[Input data Boundary: Start]
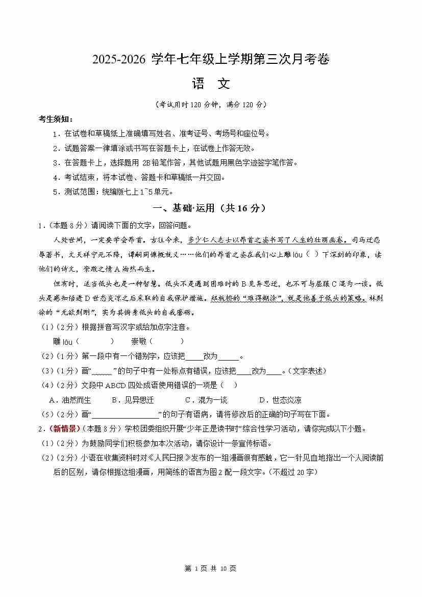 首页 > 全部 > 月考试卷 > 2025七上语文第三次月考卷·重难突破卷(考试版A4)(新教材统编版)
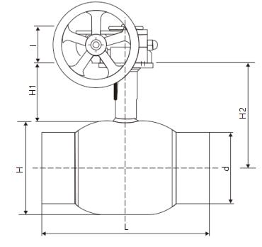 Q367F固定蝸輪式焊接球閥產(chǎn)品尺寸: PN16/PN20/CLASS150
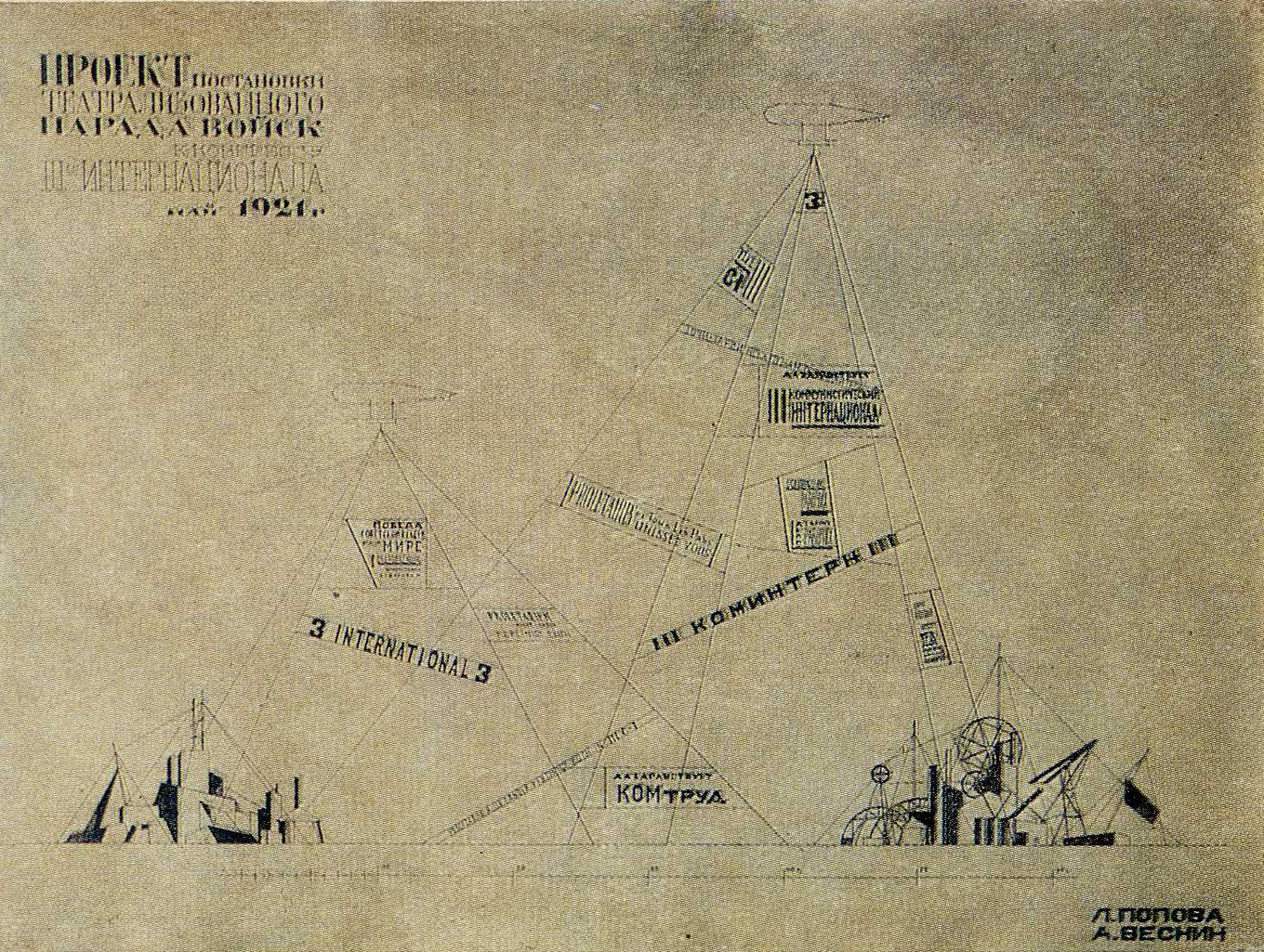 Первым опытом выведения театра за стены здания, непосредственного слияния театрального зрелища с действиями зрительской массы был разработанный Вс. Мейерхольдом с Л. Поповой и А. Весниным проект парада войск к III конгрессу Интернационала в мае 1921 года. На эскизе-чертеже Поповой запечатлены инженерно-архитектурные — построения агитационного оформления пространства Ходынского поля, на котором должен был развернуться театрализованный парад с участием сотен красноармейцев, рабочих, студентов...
[Input data Boundary: End]
• [Task to complete]: Set down all of the data word for word; no pictures belong in it.

• [Written reply]:
 首页 > 全部 > 月考试卷 > 2025七上语文第三次月考卷·重难突破卷(考试版A4)(新教材统编版)
 Q367F固定蝸輪式焊接球閥產(chǎn)品尺寸: PN16/PN20/CLASS150
 Первым опытом выведения театра за стены здания, непосредственного слияния театрального зрелища с действиями зрительской массы был разработанный Вс. Мейерхольдом с Л. Поповой и А. Весниным проект парада войск к III конгрессу Интернационала в мае 1921 года. На эскизе-чертеже Поповой запечатлены инженерно-архитектурные — построения агитационного оформления пространства Ходынского поля, на котором должен был развернуться театрализованный парад с участием сотен красноармейцев, рабочих, студентов...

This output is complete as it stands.